**Work to be completed:** Only one span of the material below is wanted. Output it exactly, from the line with "К середине 2002" through the line with "Российская делегация на", without any pictures.

**Provided data:**
"""

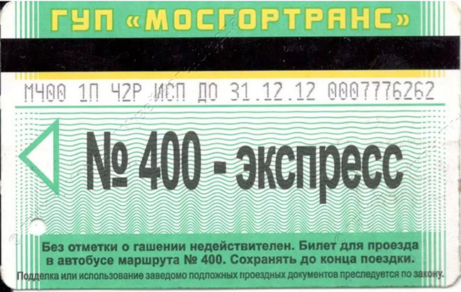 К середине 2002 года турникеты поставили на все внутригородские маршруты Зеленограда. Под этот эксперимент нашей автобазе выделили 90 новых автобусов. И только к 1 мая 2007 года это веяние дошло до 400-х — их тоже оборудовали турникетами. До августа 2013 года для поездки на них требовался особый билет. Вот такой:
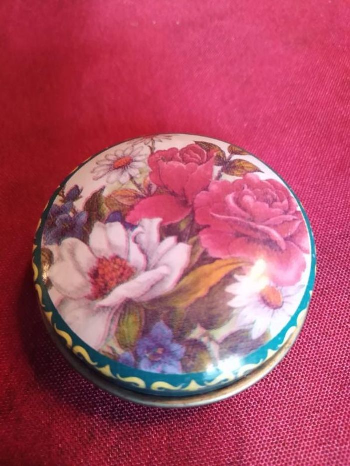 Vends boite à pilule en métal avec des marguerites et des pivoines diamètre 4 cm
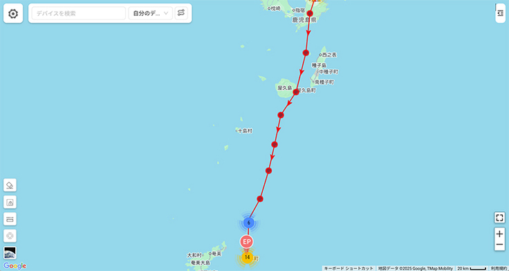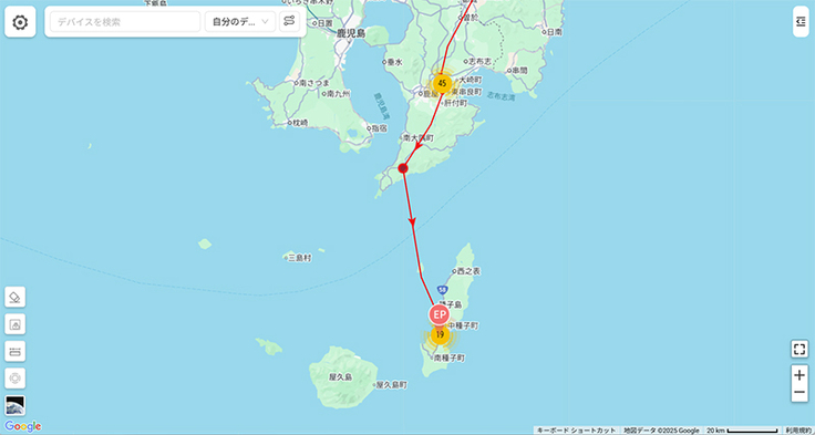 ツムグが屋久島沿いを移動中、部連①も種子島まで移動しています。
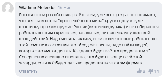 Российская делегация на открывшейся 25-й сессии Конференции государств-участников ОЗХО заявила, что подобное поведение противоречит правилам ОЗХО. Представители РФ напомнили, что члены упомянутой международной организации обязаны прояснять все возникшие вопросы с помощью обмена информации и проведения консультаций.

"""
"""

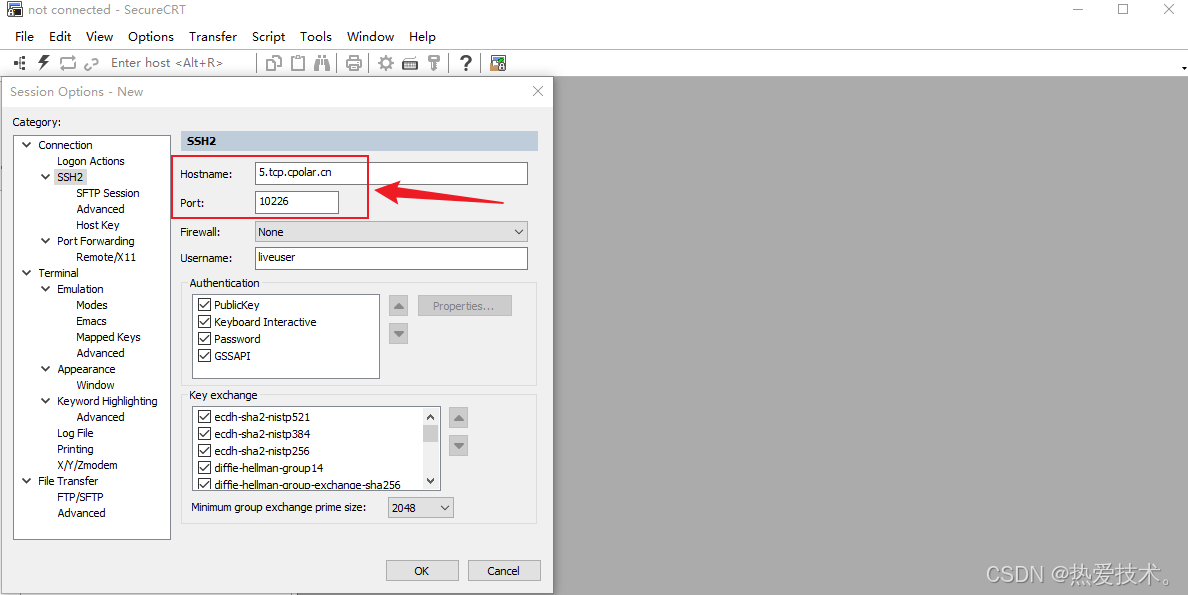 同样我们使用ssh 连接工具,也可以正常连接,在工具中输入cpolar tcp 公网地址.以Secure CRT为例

"""
"""

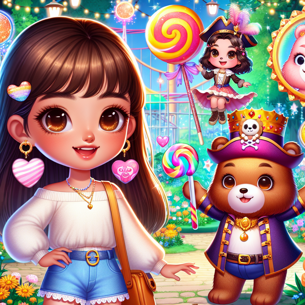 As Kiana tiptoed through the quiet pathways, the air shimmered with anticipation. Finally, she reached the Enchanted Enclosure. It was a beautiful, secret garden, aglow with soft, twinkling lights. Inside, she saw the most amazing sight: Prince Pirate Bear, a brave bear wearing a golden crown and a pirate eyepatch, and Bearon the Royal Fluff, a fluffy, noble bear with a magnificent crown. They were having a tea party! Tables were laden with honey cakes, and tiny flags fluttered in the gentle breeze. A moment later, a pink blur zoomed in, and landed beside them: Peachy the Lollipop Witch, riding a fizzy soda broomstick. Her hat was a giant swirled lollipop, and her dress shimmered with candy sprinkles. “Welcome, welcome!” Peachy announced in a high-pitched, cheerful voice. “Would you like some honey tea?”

"""

**Finished task:**
 К середине 2002 года турникеты поставили на все внутригородские маршруты Зеленограда. Под этот эксперимент нашей автобазе выделили 90 новых автобусов. И только к 1 мая 2007 года это веяние дошло до 400-х — их тоже оборудовали турникетами. До августа 2013 года для поездки на них требовался особый билет. Вот такой:
 Vends boite à pilule en métal avec des marguerites et des pivoines diamètre 4 cm
 ツムグが屋久島沿いを移動中、部連①も種子島まで移動しています。
 Российская делегация на открывшейся 25-й сессии Конференции государств-участников ОЗХО заявила, что подобное поведение противоречит правилам ОЗХО. Представители РФ напомнили, что члены упомянутой международной организации обязаны прояснять все возникшие вопросы с помощью обмена информации и проведения консультаций.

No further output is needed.